Visit our new documentation site! This documentation page is no longer updated.

Treasure Workflow Quick Start Tutorial for the GUI

Table of Contents

Introduction

In this tutorial, using the graphical user interface, you run a workflow that consists of two Treasure Data-provided jobs, one that runs right after the other.

Prerequisite:

  • A test database, ‘workflow_temp,’ is a sample database provided by Treasure Data
  • Optional: Saved queries that can run against the test database

Access the Workflow space in the Treasure Data console

Access the console, click Workflow from the navigation on the left side of the console.

Create your first workflow and project

Click Create & Edit



Enter a workflow name, for example, “mywftest“

In the Project field, you can use the generated project name or change the project name. A project is a container for workflows and files used by a set of workflows.

Tip: Include “prj“ in the project name to quickly identify it in the console and workflow interface.

Select Simple Workflow as the template workflow.

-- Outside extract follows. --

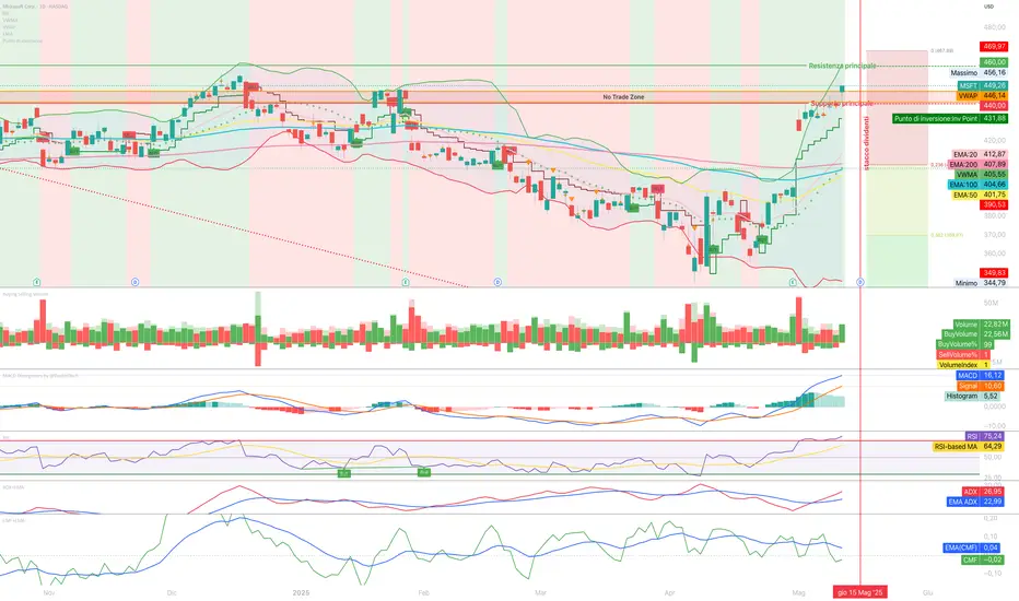 📉 Se si verifica una discesa verso 444–446 (VWAP) dopo il dividendo, può costituire un ottimo punto di rientro.

For this tutorial, you do not need to edit the template. The database is provided by Treasure Data, and serves as a place to experiment with data, queries and workflows. The workflow template also provides sample queries that you can use for your first workflow. The provided queries are not saved.

Optionally, you can edit the template to any applicable saved queries that you create.

Untitled-3
Saved queries are not stored in a workflow project. Saved queries are stored in the console and are viewable on the Queries pane.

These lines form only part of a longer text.